* [Task goal]
The records below hold pictures; please leave those out and retype the rest exactly.

Data items:
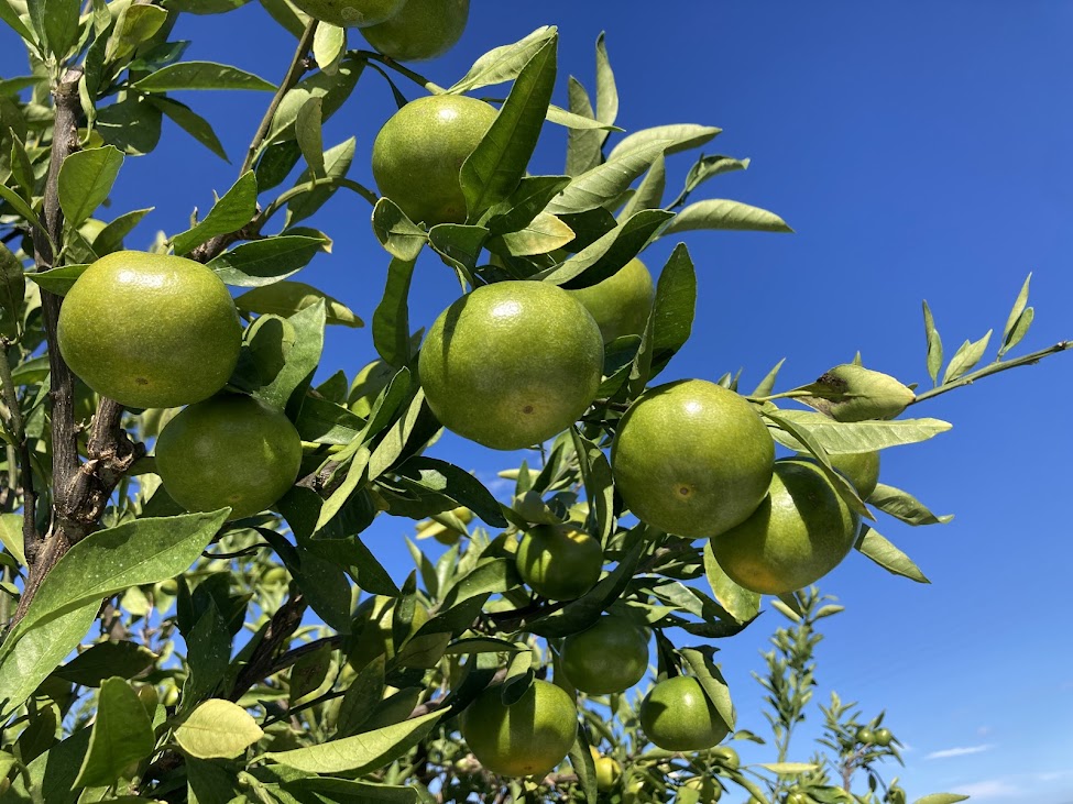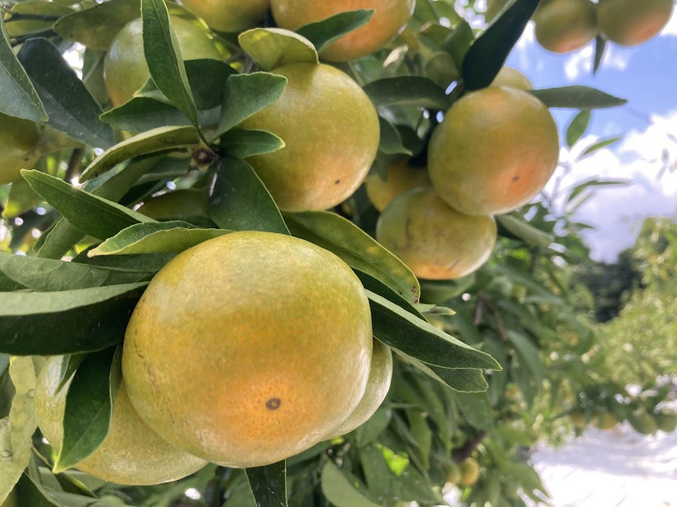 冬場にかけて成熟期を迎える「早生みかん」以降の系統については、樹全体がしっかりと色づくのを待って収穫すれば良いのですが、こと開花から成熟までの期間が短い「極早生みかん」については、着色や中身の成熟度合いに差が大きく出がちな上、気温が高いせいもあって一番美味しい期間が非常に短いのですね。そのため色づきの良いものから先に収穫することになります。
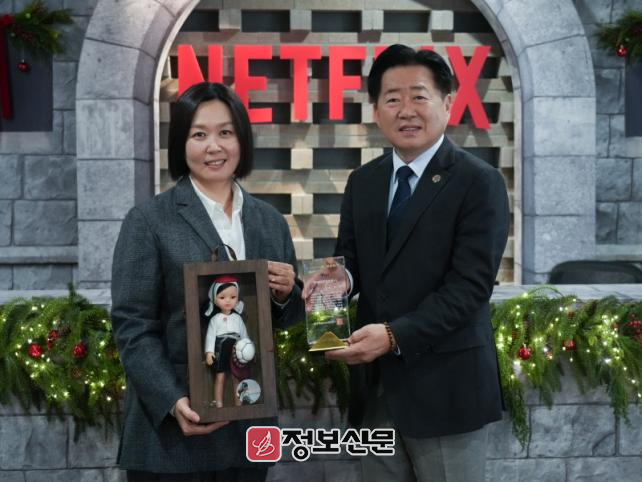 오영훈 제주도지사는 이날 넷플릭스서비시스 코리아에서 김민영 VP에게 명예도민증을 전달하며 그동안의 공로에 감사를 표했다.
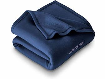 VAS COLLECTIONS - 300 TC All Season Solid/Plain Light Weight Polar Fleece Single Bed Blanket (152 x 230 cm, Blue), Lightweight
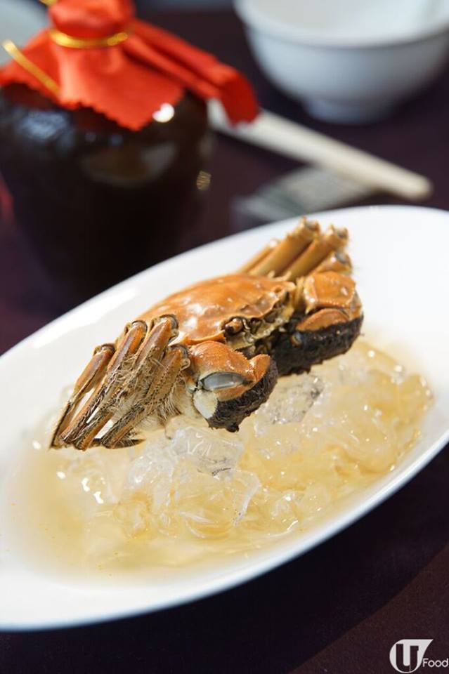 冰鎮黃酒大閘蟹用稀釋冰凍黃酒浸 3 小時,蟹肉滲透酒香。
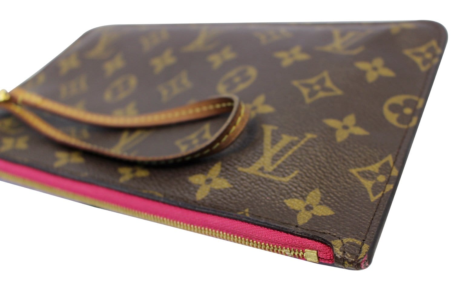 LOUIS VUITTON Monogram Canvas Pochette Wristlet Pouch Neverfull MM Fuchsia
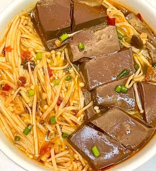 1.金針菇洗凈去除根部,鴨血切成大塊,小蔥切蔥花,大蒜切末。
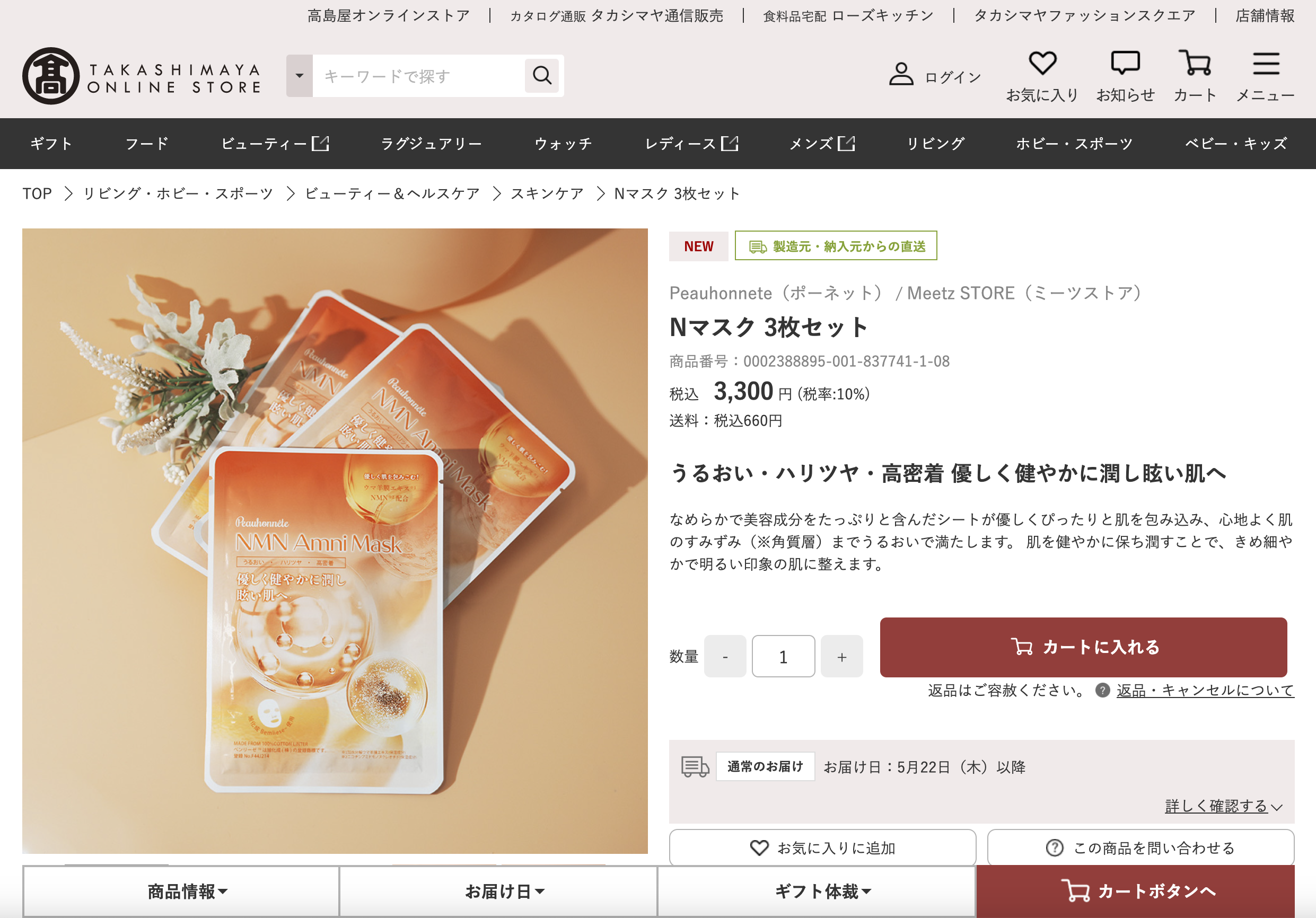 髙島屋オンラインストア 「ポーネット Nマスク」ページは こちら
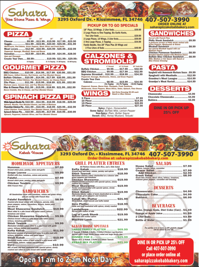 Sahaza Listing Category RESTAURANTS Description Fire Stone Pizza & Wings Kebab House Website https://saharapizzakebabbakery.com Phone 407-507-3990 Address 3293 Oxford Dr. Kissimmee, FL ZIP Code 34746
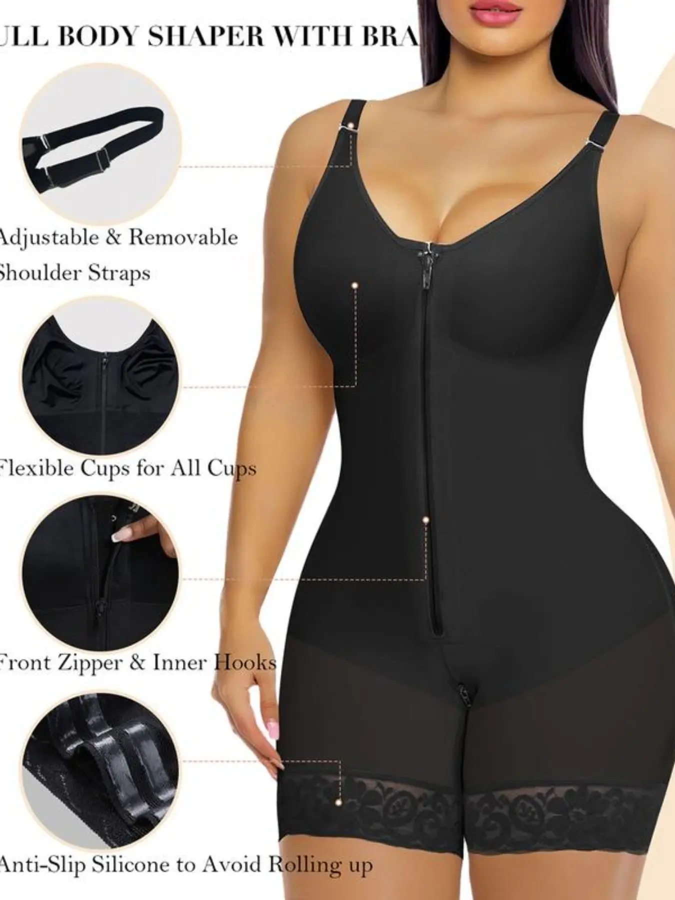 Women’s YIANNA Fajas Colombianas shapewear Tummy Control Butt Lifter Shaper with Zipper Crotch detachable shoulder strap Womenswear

* [Response to the task]
 冬場にかけて成熟期を迎える「早生みかん」以降の系統については、樹全体がしっかりと色づくのを待って収穫すれば良いのですが、こと開花から成熟までの期間が短い「極早生みかん」については、着色や中身の成熟度合いに差が大きく出がちな上、気温が高いせいもあって一番美味しい期間が非常に短いのですね。そのため色づきの良いものから先に収穫することになります。
 오영훈 제주도지사는 이날 넷플릭스서비시스 코리아에서 김민영 VP에게 명예도민증을 전달하며 그동안의 공로에 감사를 표했다.
 VAS COLLECTIONS - 300 TC All Season Solid/Plain Light Weight Polar Fleece Single Bed Blanket (152 x 230 cm, Blue), Lightweight
 冰鎮黃酒大閘蟹用稀釋冰凍黃酒浸 3 小時,蟹肉滲透酒香。
 LOUIS VUITTON Monogram Canvas Pochette Wristlet Pouch Neverfull MM Fuchsia
 1.金針菇洗凈去除根部,鴨血切成大塊,小蔥切蔥花,大蒜切末。
 髙島屋オンラインストア 「ポーネット Nマスク」ページは こちら
 Sahaza Listing Category RESTAURANTS Description Fire Stone Pizza & Wings Kebab House Website https://saharapizzakebabbakery.com Phone 407-507-3990 Address 3293 Oxford Dr. Kissimmee, FL ZIP Code 34746
 Women’s YIANNA Fajas Colombianas shapewear Tummy Control Butt Lifter Shaper with Zipper Crotch detachable shoulder strap Womenswear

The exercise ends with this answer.